• Work required: From the line containing "Gala guests enjoyed" down to the last line of the data, output each line word for word and include nothing else.

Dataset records
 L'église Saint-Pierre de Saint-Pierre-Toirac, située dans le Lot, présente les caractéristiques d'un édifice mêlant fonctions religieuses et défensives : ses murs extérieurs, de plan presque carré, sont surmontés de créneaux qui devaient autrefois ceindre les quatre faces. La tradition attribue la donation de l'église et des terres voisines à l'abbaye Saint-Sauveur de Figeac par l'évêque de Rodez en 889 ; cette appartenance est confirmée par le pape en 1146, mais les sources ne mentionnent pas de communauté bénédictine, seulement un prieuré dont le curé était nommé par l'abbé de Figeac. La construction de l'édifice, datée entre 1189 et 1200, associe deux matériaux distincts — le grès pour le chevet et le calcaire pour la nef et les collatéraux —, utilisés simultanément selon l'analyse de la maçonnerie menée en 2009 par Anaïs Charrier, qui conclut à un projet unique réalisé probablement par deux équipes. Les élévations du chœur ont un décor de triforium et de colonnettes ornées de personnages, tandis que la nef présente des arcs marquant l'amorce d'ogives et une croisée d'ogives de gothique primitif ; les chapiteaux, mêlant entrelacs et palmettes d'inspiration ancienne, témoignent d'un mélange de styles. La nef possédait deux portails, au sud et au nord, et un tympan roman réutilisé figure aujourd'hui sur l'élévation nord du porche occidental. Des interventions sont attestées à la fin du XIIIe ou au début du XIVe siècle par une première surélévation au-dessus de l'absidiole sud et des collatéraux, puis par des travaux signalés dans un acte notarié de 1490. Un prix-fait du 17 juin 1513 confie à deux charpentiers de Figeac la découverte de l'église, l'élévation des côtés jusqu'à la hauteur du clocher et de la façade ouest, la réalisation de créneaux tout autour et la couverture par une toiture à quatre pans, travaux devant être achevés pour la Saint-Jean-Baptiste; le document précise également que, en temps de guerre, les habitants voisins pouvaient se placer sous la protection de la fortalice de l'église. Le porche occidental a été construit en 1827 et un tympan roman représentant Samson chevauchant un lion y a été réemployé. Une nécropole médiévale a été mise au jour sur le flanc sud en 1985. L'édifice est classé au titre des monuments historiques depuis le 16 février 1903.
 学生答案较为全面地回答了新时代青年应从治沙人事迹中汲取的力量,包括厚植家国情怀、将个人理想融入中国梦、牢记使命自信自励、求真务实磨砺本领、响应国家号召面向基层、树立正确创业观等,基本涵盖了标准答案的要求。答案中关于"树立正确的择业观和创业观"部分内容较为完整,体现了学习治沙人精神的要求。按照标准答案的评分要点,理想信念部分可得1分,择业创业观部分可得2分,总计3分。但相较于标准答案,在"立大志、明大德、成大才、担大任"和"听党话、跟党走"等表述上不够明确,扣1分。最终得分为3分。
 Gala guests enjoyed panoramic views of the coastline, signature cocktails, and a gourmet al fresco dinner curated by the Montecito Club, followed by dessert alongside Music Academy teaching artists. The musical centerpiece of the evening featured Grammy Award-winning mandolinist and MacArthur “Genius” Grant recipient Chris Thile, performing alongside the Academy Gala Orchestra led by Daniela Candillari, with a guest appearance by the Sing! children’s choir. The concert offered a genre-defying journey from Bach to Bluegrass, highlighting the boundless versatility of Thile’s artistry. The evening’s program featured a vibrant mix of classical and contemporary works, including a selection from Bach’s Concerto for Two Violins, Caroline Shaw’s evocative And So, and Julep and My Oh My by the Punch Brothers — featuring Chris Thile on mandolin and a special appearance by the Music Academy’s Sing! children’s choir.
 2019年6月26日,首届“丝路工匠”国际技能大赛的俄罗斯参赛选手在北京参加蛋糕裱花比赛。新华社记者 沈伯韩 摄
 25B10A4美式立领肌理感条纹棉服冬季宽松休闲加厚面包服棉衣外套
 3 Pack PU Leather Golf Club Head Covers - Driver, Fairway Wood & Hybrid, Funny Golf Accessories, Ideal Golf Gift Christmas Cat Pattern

• Answer:
 Gala guests enjoyed panoramic views of the coastline, signature cocktails, and a gourmet al fresco dinner curated by the Montecito Club, followed by dessert alongside Music Academy teaching artists. The musical centerpiece of the evening featured Grammy Award-winning mandolinist and MacArthur “Genius” Grant recipient Chris Thile, performing alongside the Academy Gala Orchestra led by Daniela Candillari, with a guest appearance by the Sing! children’s choir. The concert offered a genre-defying journey from Bach to Bluegrass, highlighting the boundless versatility of Thile’s artistry. The evening’s program featured a vibrant mix of classical and contemporary works, including a selection from Bach’s Concerto for Two Violins, Caroline Shaw’s evocative And So, and Julep and My Oh My by the Punch Brothers — featuring Chris Thile on mandolin and a special appearance by the Music Academy’s Sing! children’s choir.
 2019年6月26日,首届“丝路工匠”国际技能大赛的俄罗斯参赛选手在北京参加蛋糕裱花比赛。新华社记者 沈伯韩 摄
 25B10A4美式立领肌理感条纹棉服冬季宽松休闲加厚面包服棉衣外套
 3 Pack PU Leather Golf Club Head Covers - Driver, Fairway Wood & Hybrid, Funny Golf Accessories, Ideal Golf Gift Christmas Cat Pattern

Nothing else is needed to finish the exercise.